• ABOUT THIS EXERCISE: Print the data below exactly as it stands, and keep the pictures out.
--- INFORMATION PROVIDED Enclosed Below ---
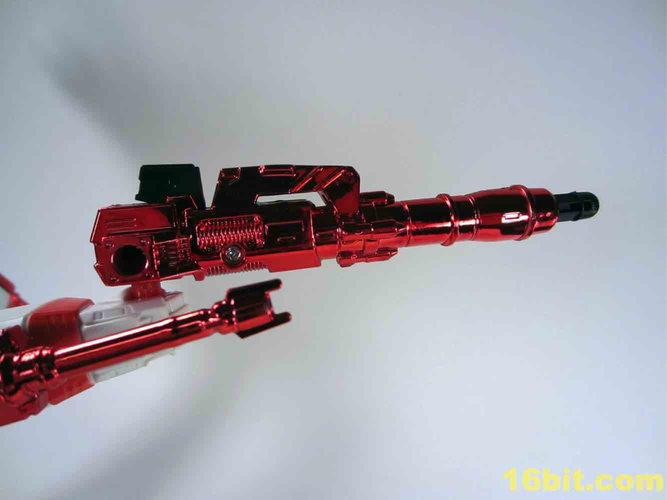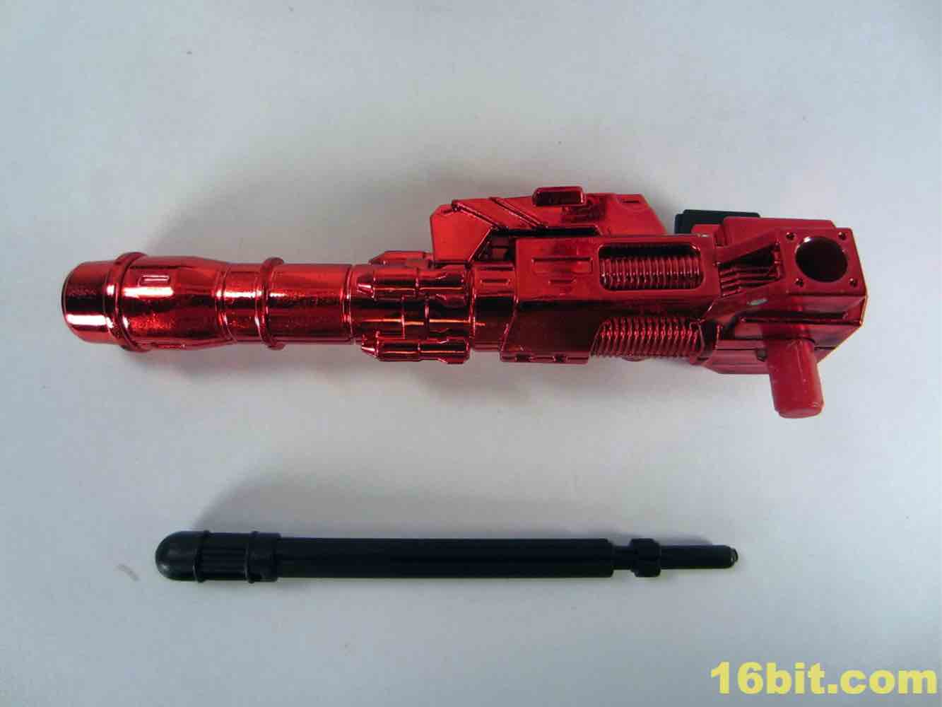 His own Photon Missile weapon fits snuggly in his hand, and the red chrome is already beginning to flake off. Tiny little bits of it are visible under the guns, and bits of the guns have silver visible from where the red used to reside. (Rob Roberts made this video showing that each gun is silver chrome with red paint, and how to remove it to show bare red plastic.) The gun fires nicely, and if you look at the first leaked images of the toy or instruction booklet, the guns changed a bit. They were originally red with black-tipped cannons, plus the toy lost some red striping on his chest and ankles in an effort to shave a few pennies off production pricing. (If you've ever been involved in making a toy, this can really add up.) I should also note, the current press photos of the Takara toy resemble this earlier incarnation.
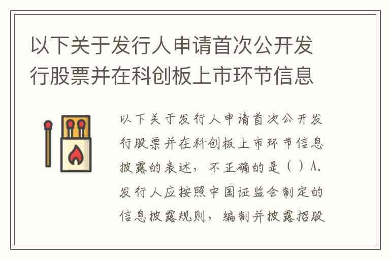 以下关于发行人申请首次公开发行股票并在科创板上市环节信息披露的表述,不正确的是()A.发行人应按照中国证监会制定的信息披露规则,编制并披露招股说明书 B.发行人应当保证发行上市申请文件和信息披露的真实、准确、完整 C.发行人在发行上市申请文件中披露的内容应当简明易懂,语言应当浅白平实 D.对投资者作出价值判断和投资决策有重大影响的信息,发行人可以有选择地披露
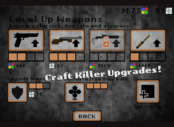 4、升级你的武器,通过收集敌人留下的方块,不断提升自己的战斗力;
--- End of Enclosed INFORMATION PROVIDED ---
• EXERCISE RESPONSE:
 His own Photon Missile weapon fits snuggly in his hand, and the red chrome is already beginning to flake off. Tiny little bits of it are visible under the guns, and bits of the guns have silver visible from where the red used to reside. (Rob Roberts made this video showing that each gun is silver chrome with red paint, and how to remove it to show bare red plastic.) The gun fires nicely, and if you look at the first leaked images of the toy or instruction booklet, the guns changed a bit. They were originally red with black-tipped cannons, plus the toy lost some red striping on his chest and ankles in an effort to shave a few pennies off production pricing. (If you've ever been involved in making a toy, this can really add up.) I should also note, the current press photos of the Takara toy resemble this earlier incarnation.
 以下关于发行人申请首次公开发行股票并在科创板上市环节信息披露的表述,不正确的是()A.发行人应按照中国证监会制定的信息披露规则,编制并披露招股说明书 B.发行人应当保证发行上市申请文件和信息披露的真实、准确、完整 C.发行人在发行上市申请文件中披露的内容应当简明易懂,语言应当浅白平实 D.对投资者作出价值判断和投资决策有重大影响的信息,发行人可以有选择地披露
 4、升级你的武器,通过收集敌人留下的方块,不断提升自己的战斗力;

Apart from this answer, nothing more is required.